ANSWERS: 5
  • (http://www.chow.com/stories/10692) Most seedless fruit comes about the same way as other fruits, which commonly are grown from cuttings or grafts and not seeds. To make a cutting, a branch or vine is cut from a plant, fed a nutrient mixture, and put in dirt, where leaves and roots form. In a graft, the branch, vine, or bud is grown right into another plant’s trunk or rootstalk. With the exception of seedless watermelons, which have a complicated propagation method, seedless fruit can’t reproduce on its own—it must be grafted each time. Seedless fruit originated from genetic mutations that humans discovered and cultivated. For example, seedless navel oranges date back to the 19th century and a single mutant tree in Brazil, whose progeny all come from buds grafted onto other citrus trees. Scientists are working continually to produce new varieties of seedless fruit, either by breeding different varieties together or by stimulating genetic mutations. In recent years, they have created some seedless citrus crops by irradiating plant seeds, which causes mutations. Some of these mutations are fatal to the plant, some are benign; but sometimes these irradiated seeds produce a suitable seedless fruit, and the plants are propagated through budding. Researchers may have to look at thousands of seedlings to find a plant that’s not only seedless but also attractive to farmers and consumers. David Ramming, a research horticulturalist with the USDA research center in Parlier, California, was involved recently in the introduction of two new species of grapes, the Sweet Scarlet and the Scarlet Royal. He says the goal is to create disease-resistant seedless fruit that tastes good and can be grown in different hemispheres. “We’ve got new varieties in the works all the time,” says Ramming. “We’re trying not just to have seedless fruit that tastes good, but to make it available to grocers all year round.”

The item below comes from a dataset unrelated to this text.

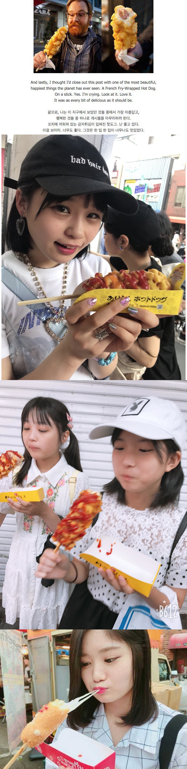 우린 저거나 빵에 소세지 끼운거나 둘다 핫도그라고 하지만 영어에선 저건 corn dog라고 따로 구분한다고 들은 것 같았는데 저 사람은 핫도그라고 쓰네

  • A piece of a vine or branch is cut off, dipped in rooting hormone and then placed in moist dirt so that roots and leaves form.
  • Grapes are rarely grown from seeds. They are grown from slips, little pieces of a mother vine's branches so that all the vines come from that one vine.
  • not far from the vine :)
  • The same as the seeded varieties on a vine,but they have been genetically modified to produce no seeds.